## WHAT THE EXERCISE ASKS
From the entries that follow, copy exactly the lines beginning at the line holding "- Network Service" and continuing through the line holding "Умная система освещения".

## SUPPLIED RECORDS
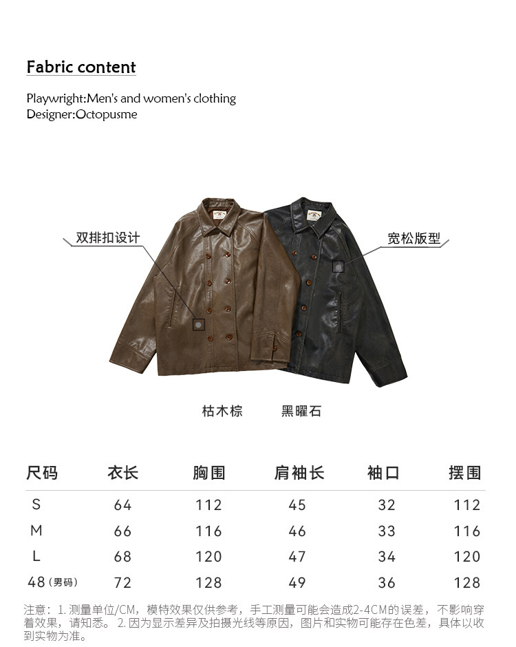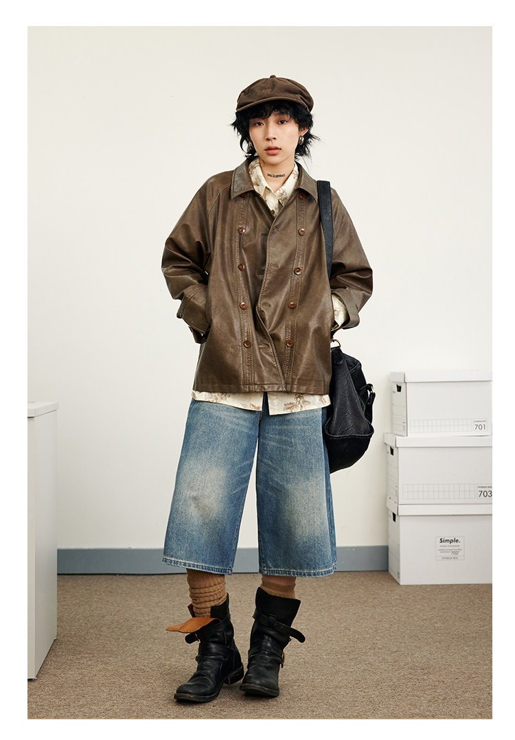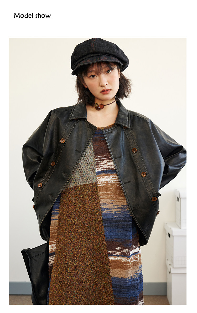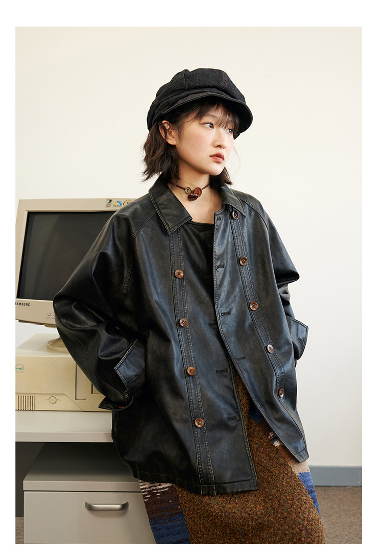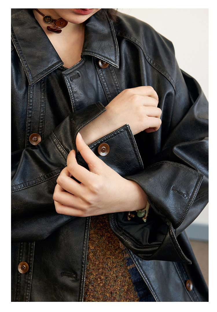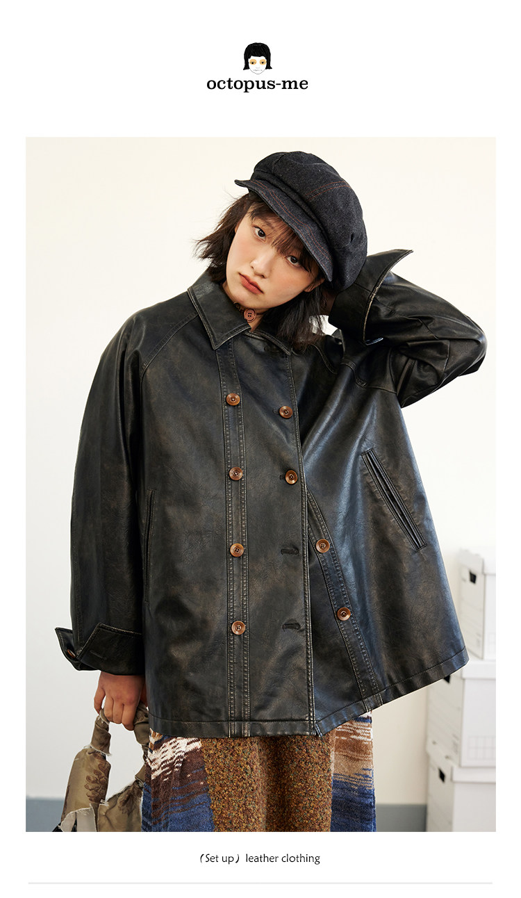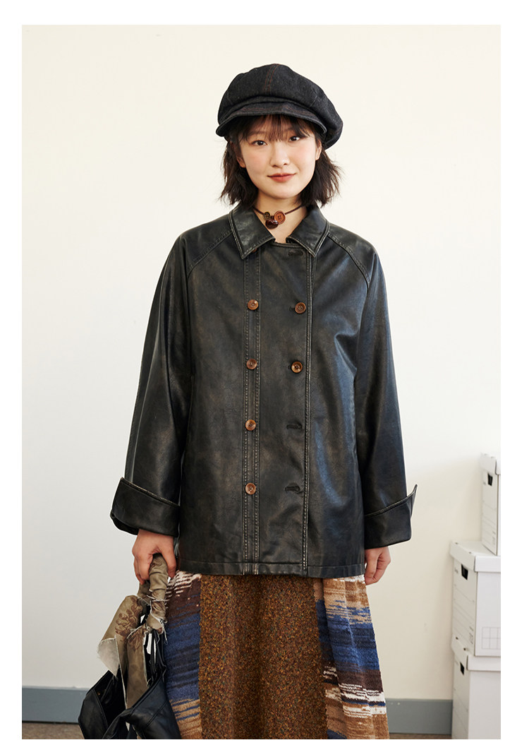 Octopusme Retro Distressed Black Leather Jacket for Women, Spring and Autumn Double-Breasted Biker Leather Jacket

...

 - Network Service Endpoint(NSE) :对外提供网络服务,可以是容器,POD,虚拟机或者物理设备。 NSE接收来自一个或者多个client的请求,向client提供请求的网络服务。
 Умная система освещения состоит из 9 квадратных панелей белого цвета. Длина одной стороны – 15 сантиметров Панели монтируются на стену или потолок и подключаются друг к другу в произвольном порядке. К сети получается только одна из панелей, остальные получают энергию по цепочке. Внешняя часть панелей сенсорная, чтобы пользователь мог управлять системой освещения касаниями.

--

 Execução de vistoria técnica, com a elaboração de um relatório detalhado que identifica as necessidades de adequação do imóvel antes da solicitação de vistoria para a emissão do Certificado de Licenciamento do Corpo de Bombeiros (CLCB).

## PROBLEM SOLUTION
 - Network Service Endpoint(NSE) :对外提供网络服务,可以是容器,POD,虚拟机或者物理设备。 NSE接收来自一个或者多个client的请求,向client提供请求的网络服务。
 Умная система освещения состоит из 9 квадратных панелей белого цвета. Длина одной стороны – 15 сантиметров Панели монтируются на стену или потолок и подключаются друг к другу в произвольном порядке. К сети получается только одна из панелей, остальные получают энергию по цепочке. Внешняя часть панелей сенсорная, чтобы пользователь мог управлять системой освещения касаниями.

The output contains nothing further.